Manifestasi klinis yang umum adalah urtikaria kronis dan angioedema. Gambaran klinis lainnya dapat berupa eksim, hipotensi, muka memerah, gejala seperti asma, dan gejala gastrointestinal. Diperlukan lebih banyak data untuk menjelaskan mekanisme spesifik dari tindakan sensitivitas terhadap bahan tambahan makanan tertentu.[2]
Intoleransi Makanan yang Host-Dependent
Penyebab intoleransi makanan yang lain adalah terkait tubuh pasien sendiri. Beberapa contoh intoleransi makanan yang host-dependent adalah intoleransi terhadap laktosa, fermentable oligo-, di-, mono-saccharides and polyols (FODMAPs), dan gluten.[2]
Intoleransi laktosa merupakan salah satu intoleransi makanan yang paling umum terjadi. Intoleransi laktosa terjadi pada orang dengan malabsorpsi laktosa, yang ditandai dengan gejala gastrointestinal, khususnya sakit perut, kembung, distensi perut, dan diare yang biasanya dimulai 30 menit hingga beberapa jam setelah makan atau minum yang mengandung laktosa. Gejala lain bisa berupa sakit kepala dan migrain, kelelahan, gangguan muskuloskeletal, dan perubahan perilaku.[2]
FODMAPs membentuk sekelompok karbohidrat alami yang terdapat dalam berbagai macam makanan, yang merupakan pemicu gejala pada pasien irritable bowel syndrome (IBS). Hal ini disebabkan efek osmotik akibat buruknya penyerapan karbohidrat rantai pendek, yang akan meningkatkan aliran air di lumen usus dan meningkatkan aliran makanan ke kolon. Hal ini kemudian meningkatkan fermentasi oleh bakteri kolon dan meningkatkan produksi gas.[2]

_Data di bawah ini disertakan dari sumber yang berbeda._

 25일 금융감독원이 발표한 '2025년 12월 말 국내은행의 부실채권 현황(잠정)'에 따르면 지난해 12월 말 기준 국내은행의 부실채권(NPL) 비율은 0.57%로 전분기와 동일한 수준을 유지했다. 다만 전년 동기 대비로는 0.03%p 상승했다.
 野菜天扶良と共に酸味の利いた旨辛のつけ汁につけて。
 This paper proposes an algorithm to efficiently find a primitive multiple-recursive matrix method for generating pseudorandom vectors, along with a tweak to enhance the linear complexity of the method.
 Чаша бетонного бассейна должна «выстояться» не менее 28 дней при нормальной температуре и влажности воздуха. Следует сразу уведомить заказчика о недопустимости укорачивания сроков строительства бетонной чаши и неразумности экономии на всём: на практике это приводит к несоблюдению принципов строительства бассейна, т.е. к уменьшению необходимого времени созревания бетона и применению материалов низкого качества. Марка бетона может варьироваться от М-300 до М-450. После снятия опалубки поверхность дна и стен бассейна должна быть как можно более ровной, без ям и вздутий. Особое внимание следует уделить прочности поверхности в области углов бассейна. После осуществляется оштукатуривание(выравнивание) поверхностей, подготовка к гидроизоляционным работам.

Efek gabungan dari peningkatan kadar air dan peningkatan produksi gas di lumen kolon akan menyebabkan distensi pada kolon dan menyebabkan nyeri dan kembung yang dianggap sebagai ciri khas IBS.[2]

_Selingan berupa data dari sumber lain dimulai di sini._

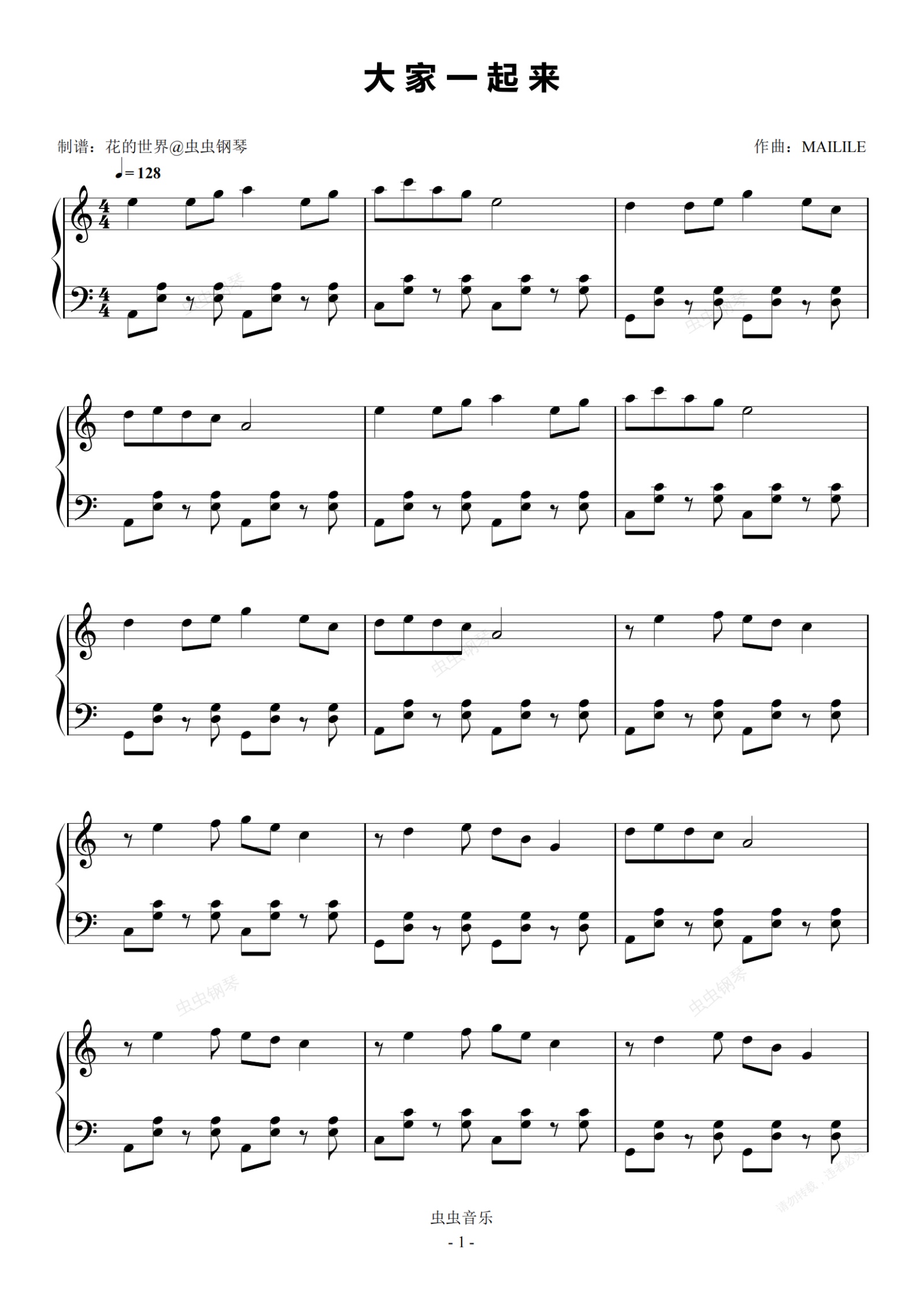 钢琴谱:大家一起来 C调简易版 孙悦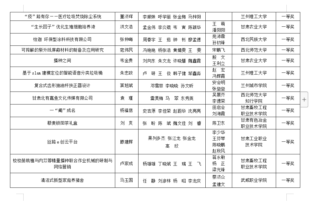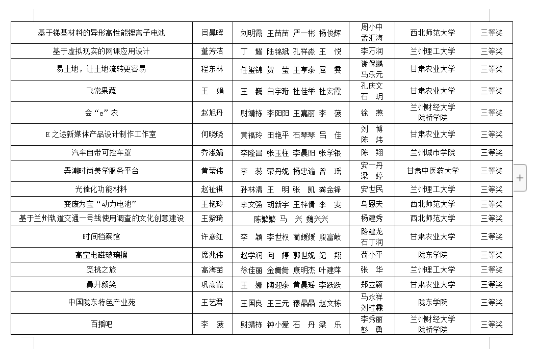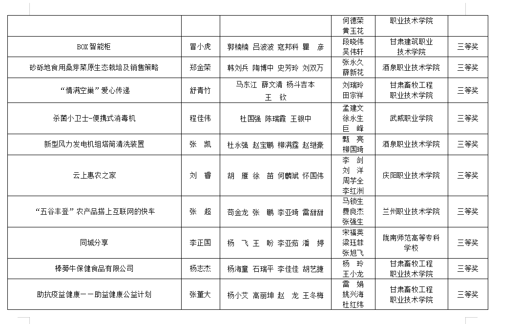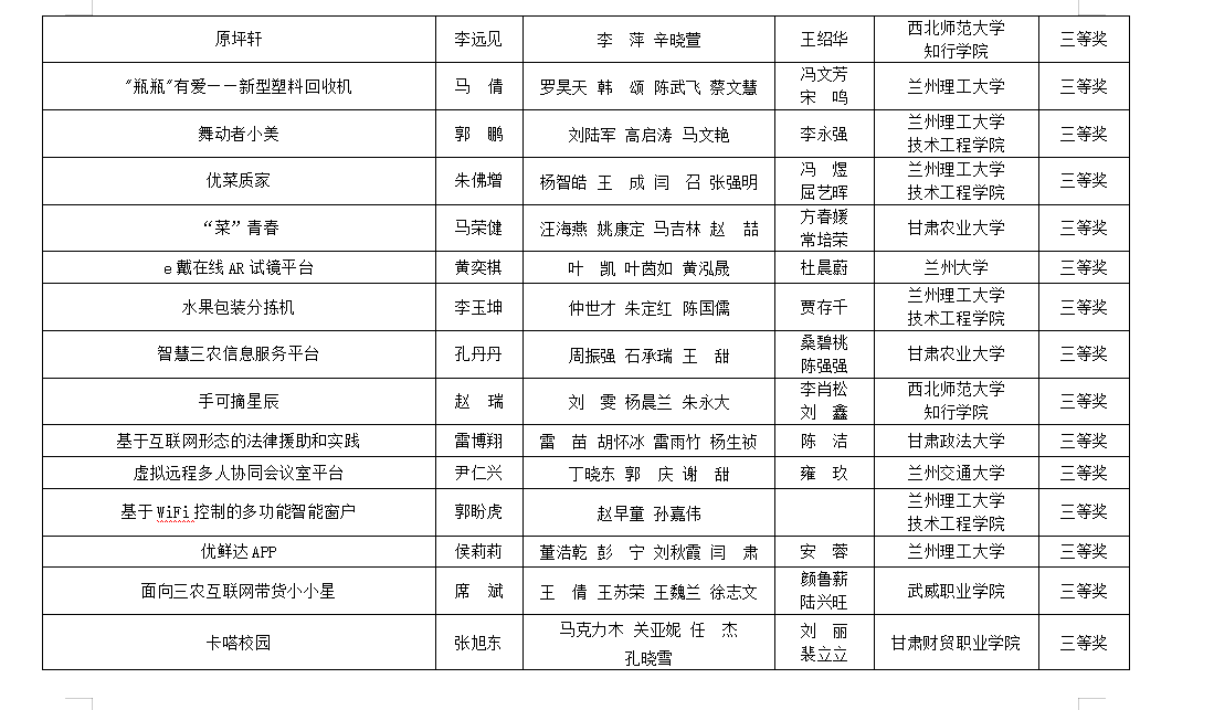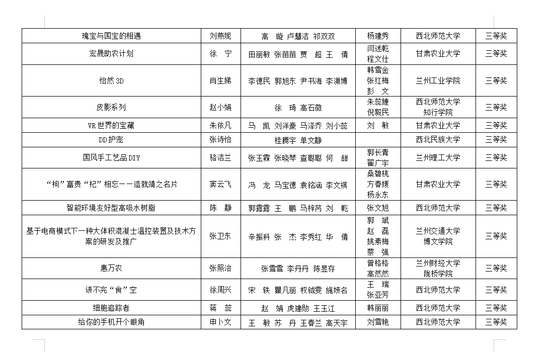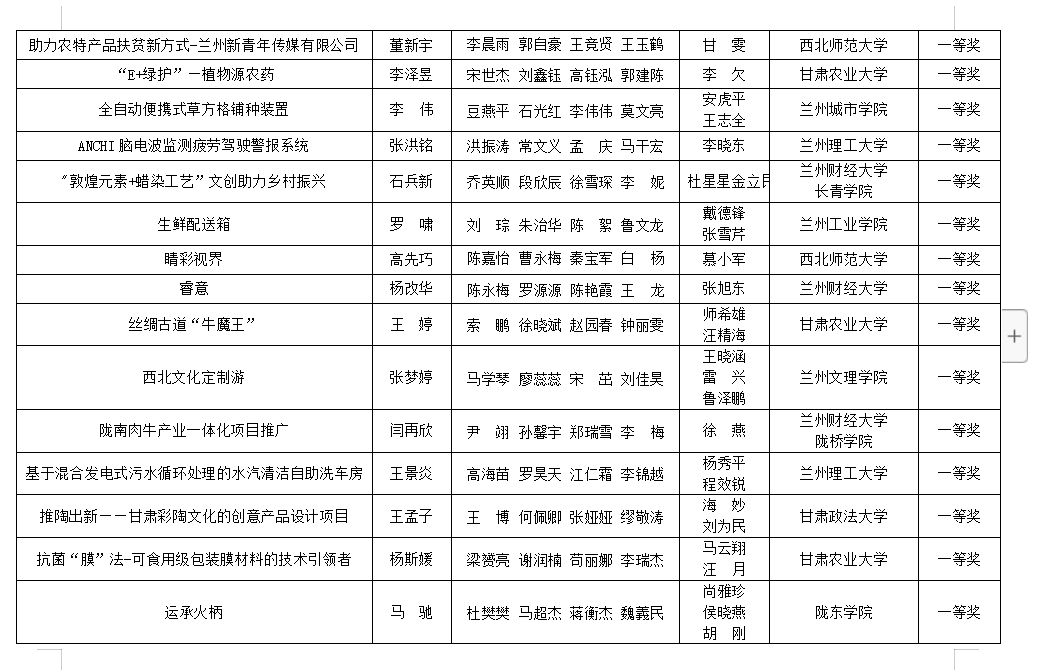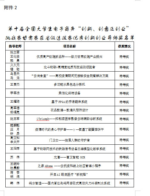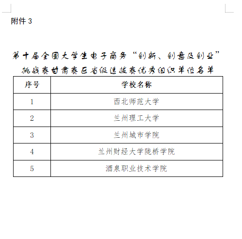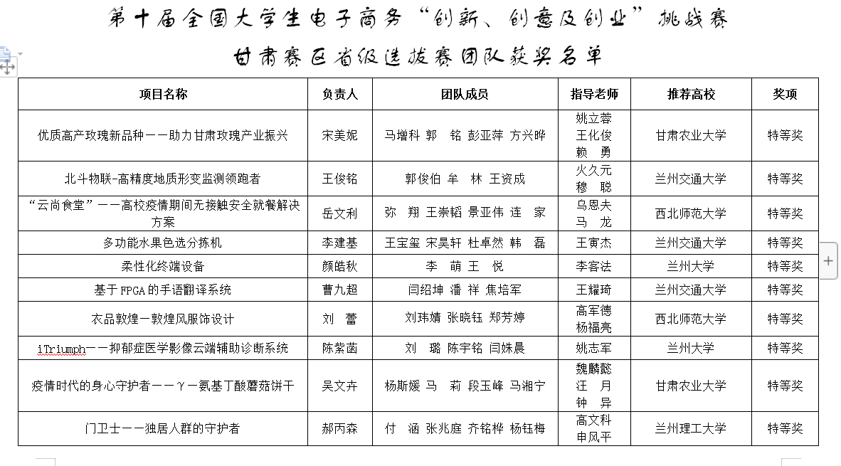 第十届全国大学生电子商务“创新、创意及创业”挑战赛 甘肃赛区省级选拔赛团队获奖名单

Gluten adalah protein dari gandum yang merupakan pemicu reaksi imun pada celiac disease dan alergi gandum. Gluten dikaitkan dengan berbagai gejala gastrointestinal, seperti kembung, sakit perut, dan gangguan buang air besar.[2]

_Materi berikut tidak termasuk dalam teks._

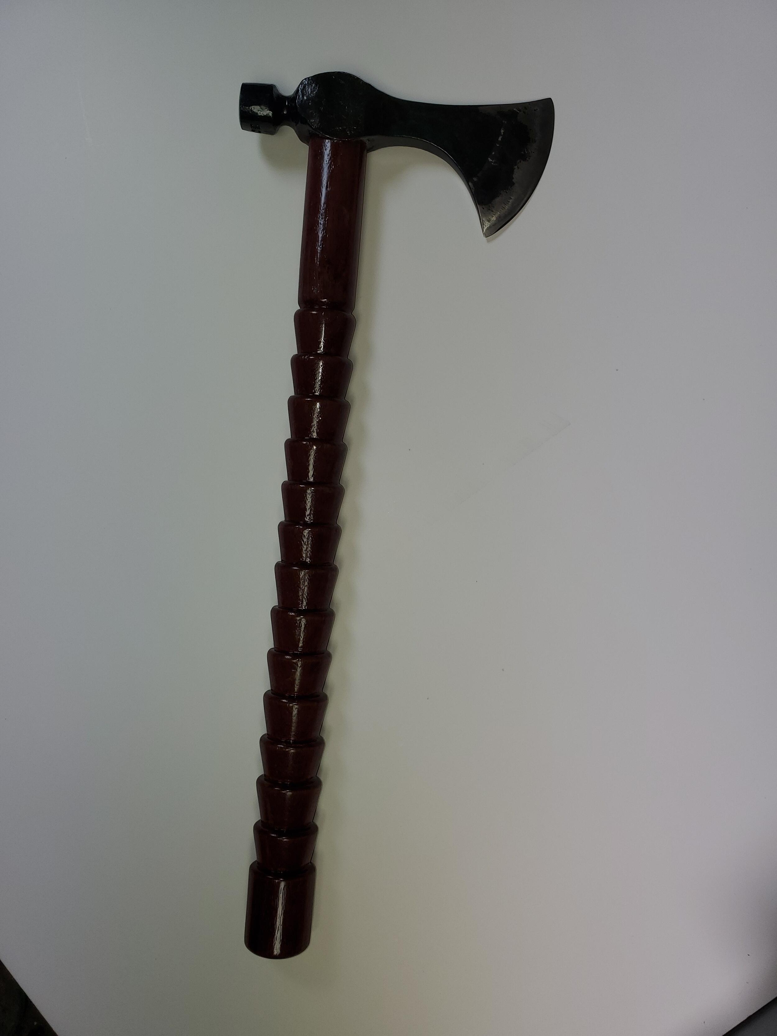 Handle is turned, then cut in half at the table saw. Run across the jointer to size to get that oval shape, then glued together. Wooden wedge at the top, epoxied in.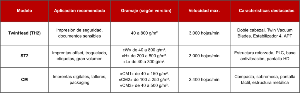 No todas las contadoras son iguales, ni todas las empresas tienen las mismas necesidades. Elegir la contadora adecuada implica valorar múltiples factores: el tipo y gramaje del material, el tamaño de hoja, el grado de sensibilidad del trabajo, el volumen diario de producción y el nivel de automatización o integración requerido con otros equipos (como guillotinas, joggers o sistemas de clasificación).

Gluten juga dikaitkan dengan gejala ekstraintestinal, seperti sakit kepala, foggy mind, kelelahan, fibromyalgia, dan ruam kulit. Kondisi ini disebut sebagai non-celiac gluten sensitivity (NCGS). Komponen lain dari gandum dan sereal dapat memicu manifestasi klinis serupa, yaitu non-celiac wheat sensitivity (NCWS). Mekanisme yang mendasari NCG/WS masih belum sepenuhnya dipahami dan masih diteliti lebih lanjut.[2]
Kesimpulan
Meskipun alergi makanan dan intoleransi makanan mungkin menunjukkan tanda dan gejala yang mirip, keduanya adalah kondisi yang berbeda. Alergi makanan merupakan suatu adverse reaction to food (ARF) yang melalui proses imun, sedangkan intoleransi makanan merupakan ARF yang tidak melalui proses imun.
Alergi makanan melibatkan reaksi imun yang diperantarai IgE, reaksi imun yang tidak diperantarai IgE (misalnya diperantarai sel), dan reaksi imun campuran. Sementara itu, intoleransi makanan melibatkan reaksi non-imun, seperti mekanisme metabolik, toksik, farmakologis, dan mekanisme lain yang tidak terdefinisi. Contoh intoleransi makanan yang umum adalah intoleransi laktosa dan gluten.
Untuk membedakan keduanya, diperlukan anamnesis yang mendalam dan bermacam tes penunjang. Dokter harus menggali gejala dan dugaan alergen, durasi gejala, jumlah kejadian, jumlah makanan yang tertelan, metode penyiapan makanan, dan ada atau tidaknya gejala tanpa konsumsi makanan. Tes makanan oral dan tes serum IgE dapat dipertimbangkan bila dicurigai alergi. Pada kasus intoleransi makanan, cenderung ada keterlambatan gejala, gejala cenderung berkepanjangan, dan serologi IgE negatif.